» **WHAT IS REQUIRED**: Below are records with pictures. Reproduce exactly the lines from the line with "I also applied" to the line with "Tweed jacket can", inclusive, and leave each picture out.

(DATASET EXTRACT)

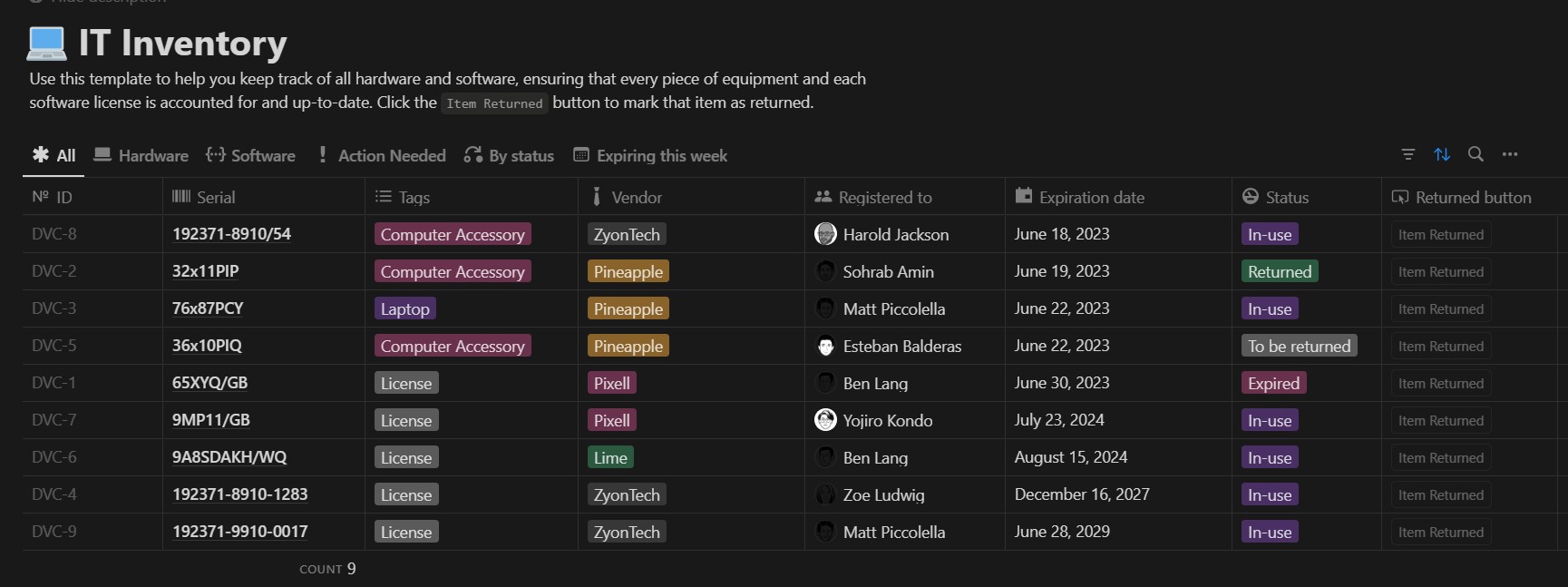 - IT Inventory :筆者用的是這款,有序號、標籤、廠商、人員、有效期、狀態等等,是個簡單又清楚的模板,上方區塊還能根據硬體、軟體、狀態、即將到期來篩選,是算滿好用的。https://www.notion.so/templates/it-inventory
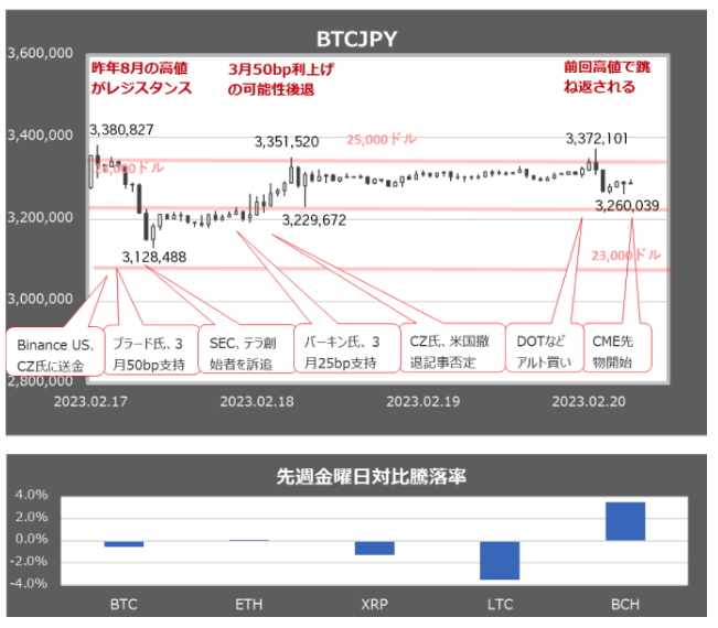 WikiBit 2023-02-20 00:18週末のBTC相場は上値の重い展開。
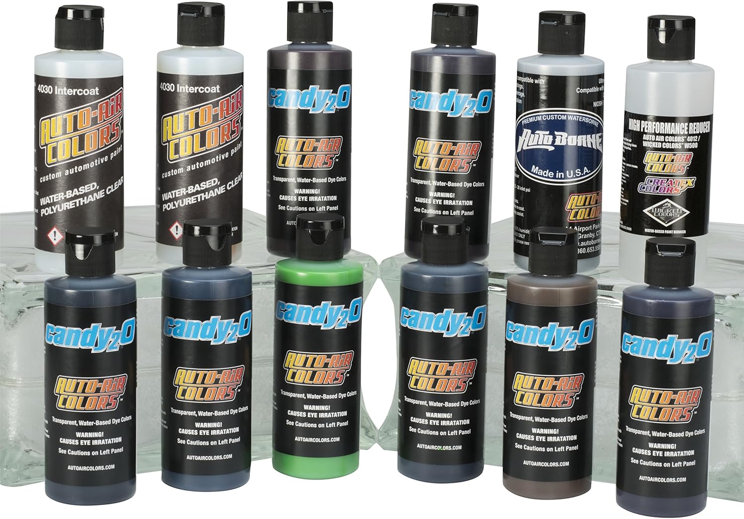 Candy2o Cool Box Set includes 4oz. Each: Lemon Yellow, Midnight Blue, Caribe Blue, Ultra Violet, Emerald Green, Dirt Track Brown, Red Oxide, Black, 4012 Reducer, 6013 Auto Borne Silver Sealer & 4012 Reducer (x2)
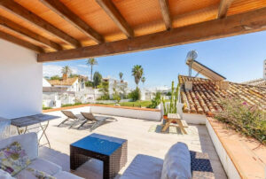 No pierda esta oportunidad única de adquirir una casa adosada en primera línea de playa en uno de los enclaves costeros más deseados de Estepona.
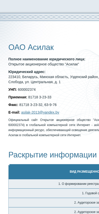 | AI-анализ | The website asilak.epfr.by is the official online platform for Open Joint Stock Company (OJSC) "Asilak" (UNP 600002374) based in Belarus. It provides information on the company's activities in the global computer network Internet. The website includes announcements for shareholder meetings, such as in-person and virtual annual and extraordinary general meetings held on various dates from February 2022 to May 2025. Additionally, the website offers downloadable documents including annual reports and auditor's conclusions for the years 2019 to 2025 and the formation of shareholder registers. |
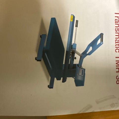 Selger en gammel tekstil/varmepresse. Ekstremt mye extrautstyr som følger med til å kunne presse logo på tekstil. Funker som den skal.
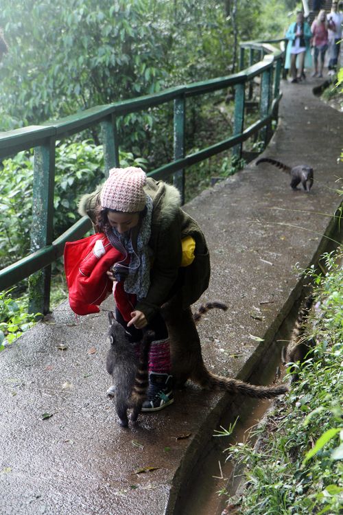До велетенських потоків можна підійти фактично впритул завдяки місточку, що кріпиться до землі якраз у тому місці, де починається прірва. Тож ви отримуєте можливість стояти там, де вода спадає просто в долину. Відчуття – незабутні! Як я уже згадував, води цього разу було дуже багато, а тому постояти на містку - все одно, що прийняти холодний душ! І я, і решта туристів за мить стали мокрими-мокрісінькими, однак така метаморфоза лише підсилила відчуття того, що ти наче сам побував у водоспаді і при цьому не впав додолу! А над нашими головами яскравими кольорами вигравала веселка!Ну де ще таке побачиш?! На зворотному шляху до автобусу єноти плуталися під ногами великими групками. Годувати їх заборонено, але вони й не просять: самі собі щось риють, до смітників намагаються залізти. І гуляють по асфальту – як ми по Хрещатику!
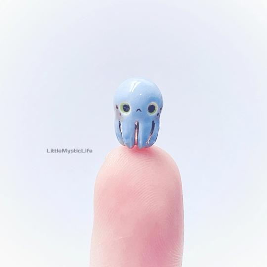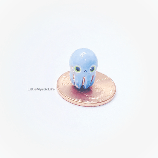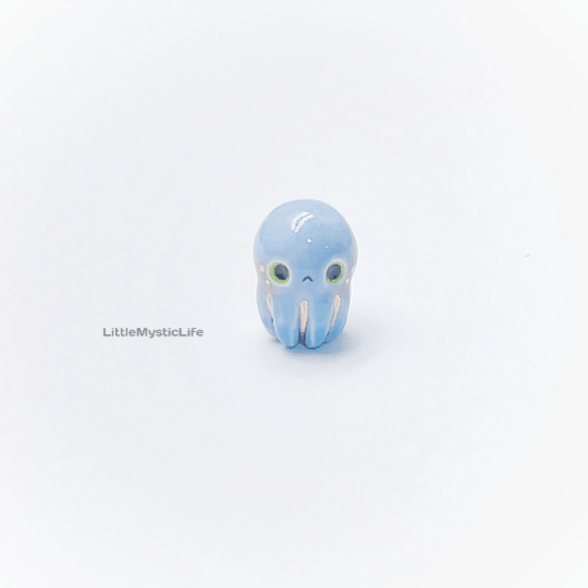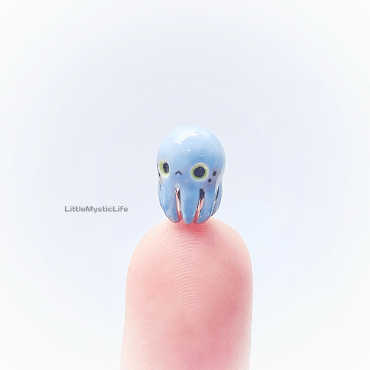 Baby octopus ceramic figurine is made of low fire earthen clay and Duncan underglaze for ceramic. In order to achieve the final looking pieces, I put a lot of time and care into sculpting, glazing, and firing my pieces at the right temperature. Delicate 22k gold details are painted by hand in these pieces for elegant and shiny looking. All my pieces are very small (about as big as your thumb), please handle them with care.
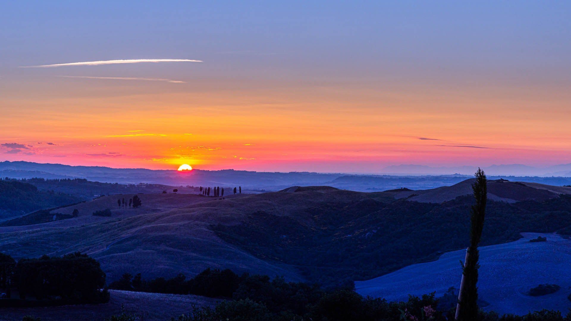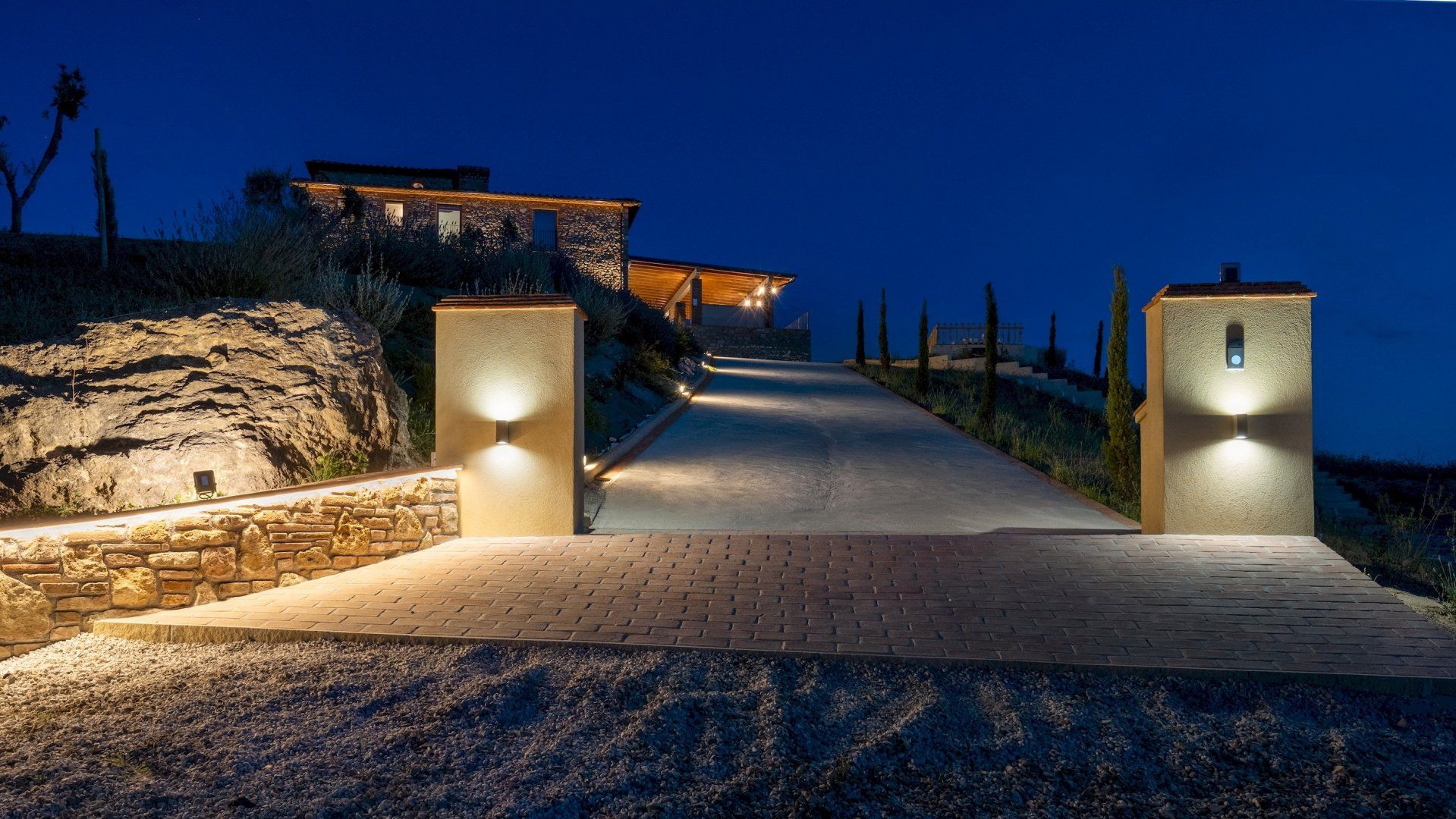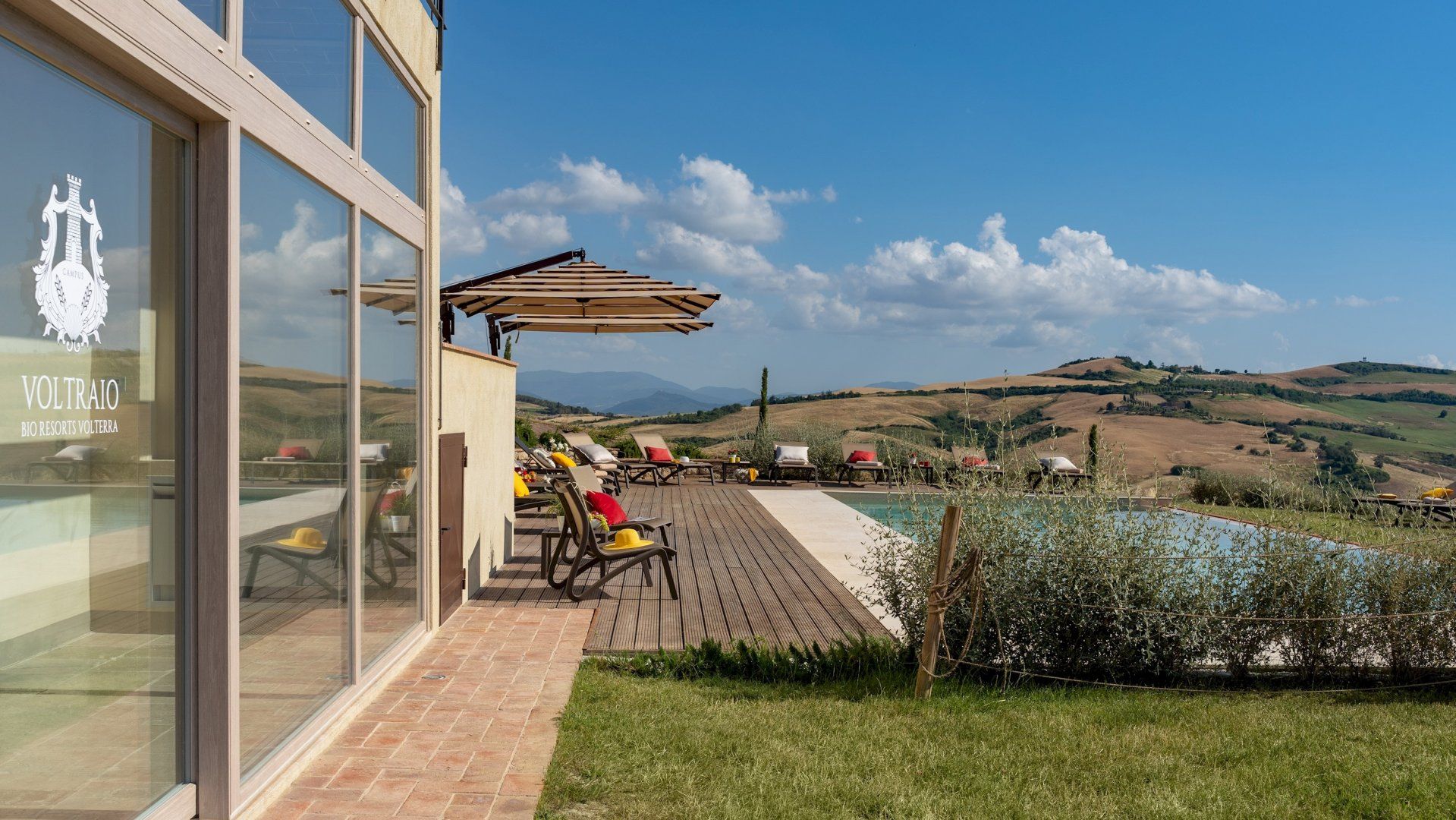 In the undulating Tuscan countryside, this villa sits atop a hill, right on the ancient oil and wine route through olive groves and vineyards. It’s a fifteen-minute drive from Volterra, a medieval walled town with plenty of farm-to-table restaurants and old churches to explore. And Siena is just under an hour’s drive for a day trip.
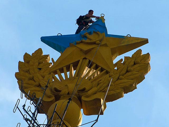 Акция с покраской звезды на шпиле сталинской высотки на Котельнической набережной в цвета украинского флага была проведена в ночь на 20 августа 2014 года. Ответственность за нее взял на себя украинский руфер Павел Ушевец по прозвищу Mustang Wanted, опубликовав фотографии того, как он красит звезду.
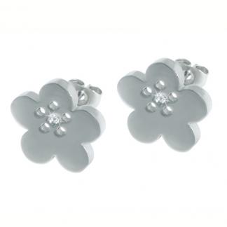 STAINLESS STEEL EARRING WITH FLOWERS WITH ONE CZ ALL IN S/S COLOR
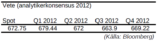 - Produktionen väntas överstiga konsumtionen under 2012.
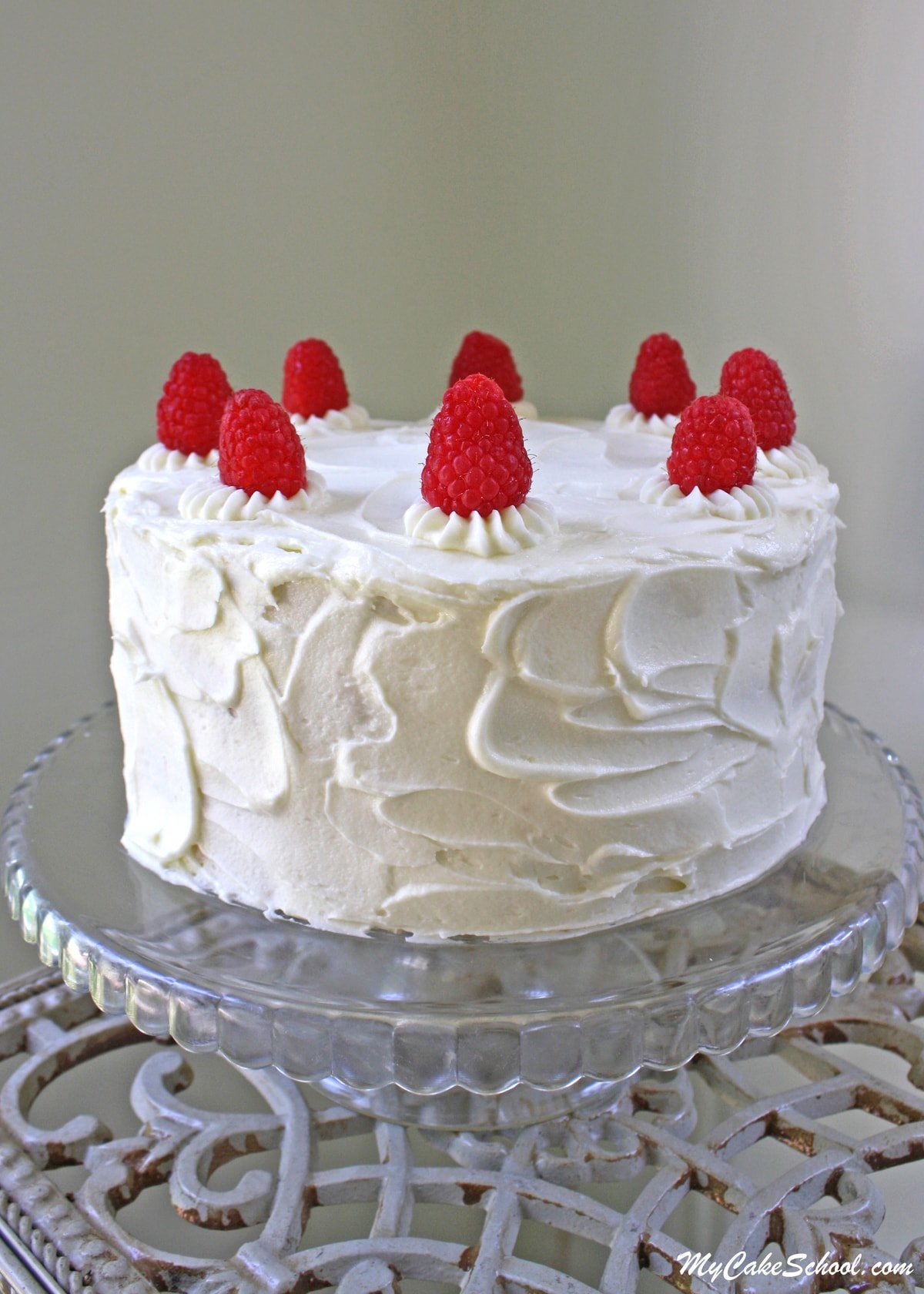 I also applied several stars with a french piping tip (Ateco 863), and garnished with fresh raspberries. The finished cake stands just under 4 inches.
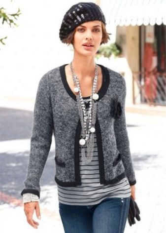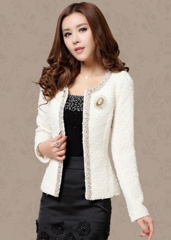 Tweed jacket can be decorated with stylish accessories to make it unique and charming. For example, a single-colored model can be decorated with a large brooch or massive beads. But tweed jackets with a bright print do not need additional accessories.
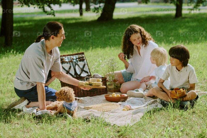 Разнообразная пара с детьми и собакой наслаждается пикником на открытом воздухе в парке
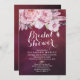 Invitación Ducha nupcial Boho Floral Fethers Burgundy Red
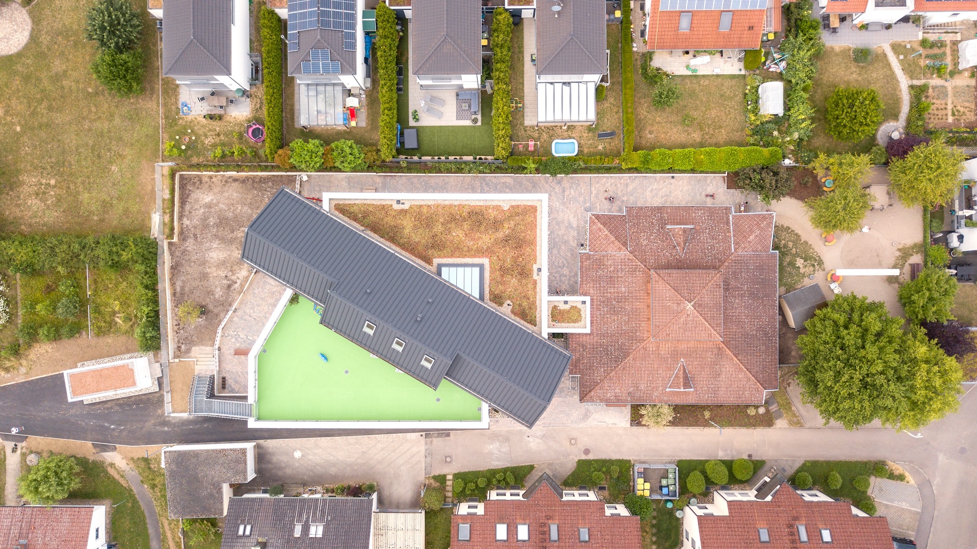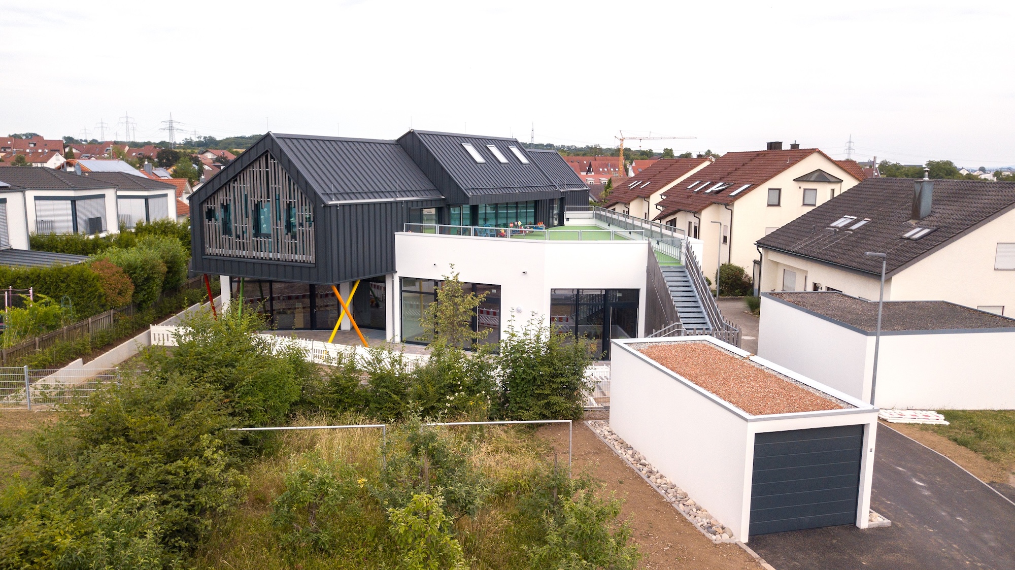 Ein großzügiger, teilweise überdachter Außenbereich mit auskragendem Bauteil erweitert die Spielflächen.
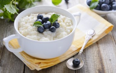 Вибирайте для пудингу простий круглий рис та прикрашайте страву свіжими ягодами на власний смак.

(End DATASET EXTRACT)

» **SOLVED EXERCISE**:
 I also applied several stars with a french piping tip (Ateco 863), and garnished with fresh raspberries. The finished cake stands just under 4 inches.
 Tweed jacket can be decorated with stylish accessories to make it unique and charming. For example, a single-colored model can be decorated with a large brooch or massive beads. But tweed jackets with a bright print do not need additional accessories.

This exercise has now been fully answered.